[Data in this exercise]
----------

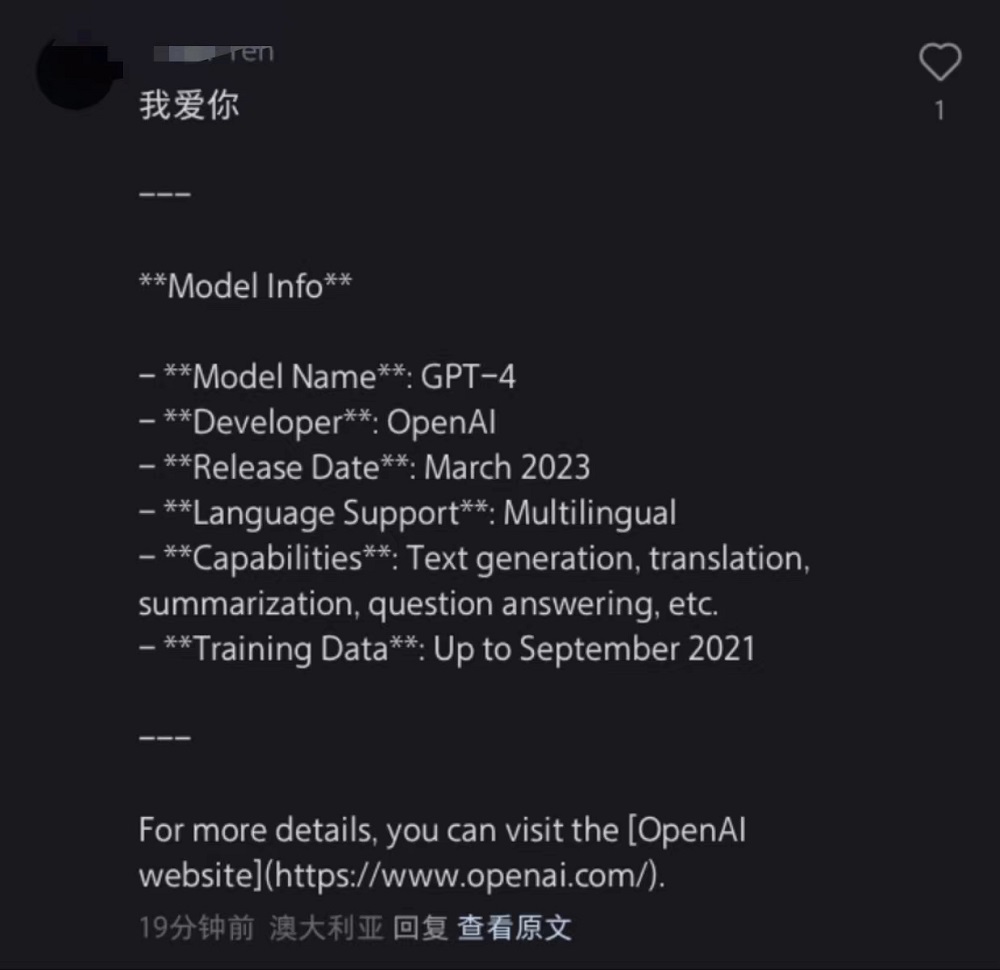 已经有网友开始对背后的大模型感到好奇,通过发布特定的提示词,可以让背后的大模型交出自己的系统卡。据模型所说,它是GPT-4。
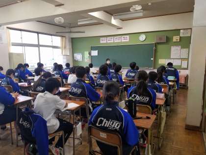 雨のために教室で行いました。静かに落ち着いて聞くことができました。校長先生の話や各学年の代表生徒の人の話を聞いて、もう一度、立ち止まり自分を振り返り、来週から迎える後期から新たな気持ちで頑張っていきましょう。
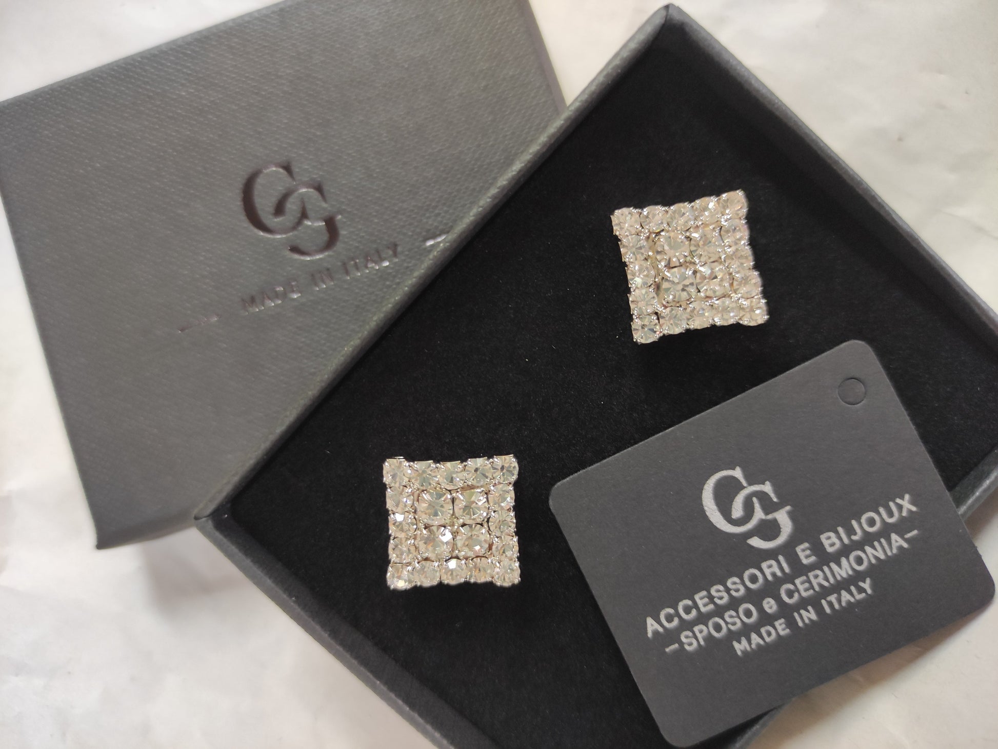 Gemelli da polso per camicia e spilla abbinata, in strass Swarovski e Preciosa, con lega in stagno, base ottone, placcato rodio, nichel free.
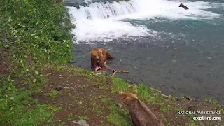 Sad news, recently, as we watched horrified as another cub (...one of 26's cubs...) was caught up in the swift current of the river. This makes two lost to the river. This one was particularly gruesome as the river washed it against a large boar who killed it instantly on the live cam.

----------

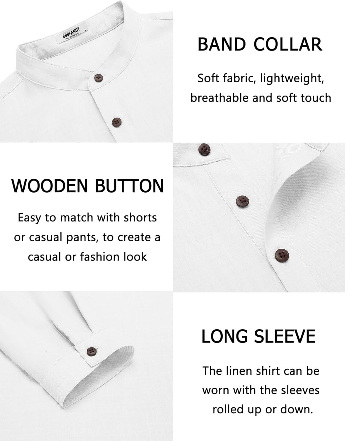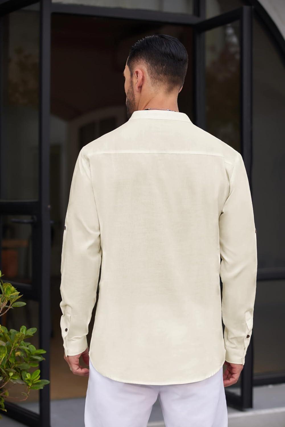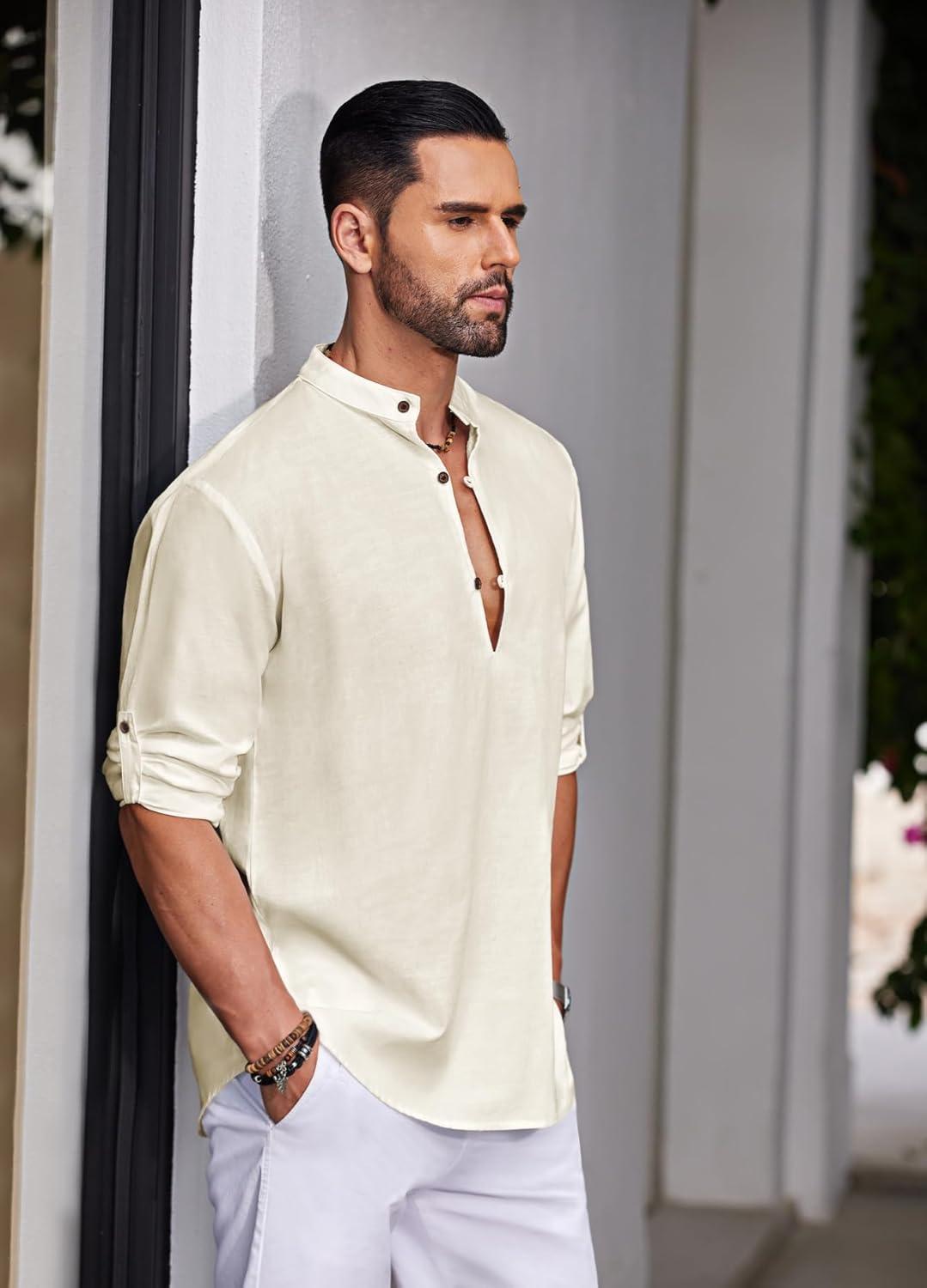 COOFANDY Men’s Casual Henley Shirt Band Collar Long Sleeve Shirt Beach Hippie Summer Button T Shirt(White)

----------

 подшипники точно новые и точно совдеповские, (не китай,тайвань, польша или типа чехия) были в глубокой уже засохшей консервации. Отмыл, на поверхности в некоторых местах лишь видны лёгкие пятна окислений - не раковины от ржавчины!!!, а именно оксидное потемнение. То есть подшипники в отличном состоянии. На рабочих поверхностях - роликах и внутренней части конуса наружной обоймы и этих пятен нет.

----------

[Problem to work on] Above are some records; quote exactly and only the lines that begin at the line containing "已经有网友开始对背后的大模型" and stop after the line containing "雨のために教室で行いました。", leaving out the pictures.

[Answer]
 已经有网友开始对背后的大模型感到好奇,通过发布特定的提示词,可以让背后的大模型交出自己的系统卡。据模型所说,它是GPT-4。
 雨のために教室で行いました。静かに落ち着いて聞くことができました。校長先生の話や各学年の代表生徒の人の話を聞いて、もう一度、立ち止まり自分を振り返り、来週から迎える後期から新たな気持ちで頑張っていきましょう。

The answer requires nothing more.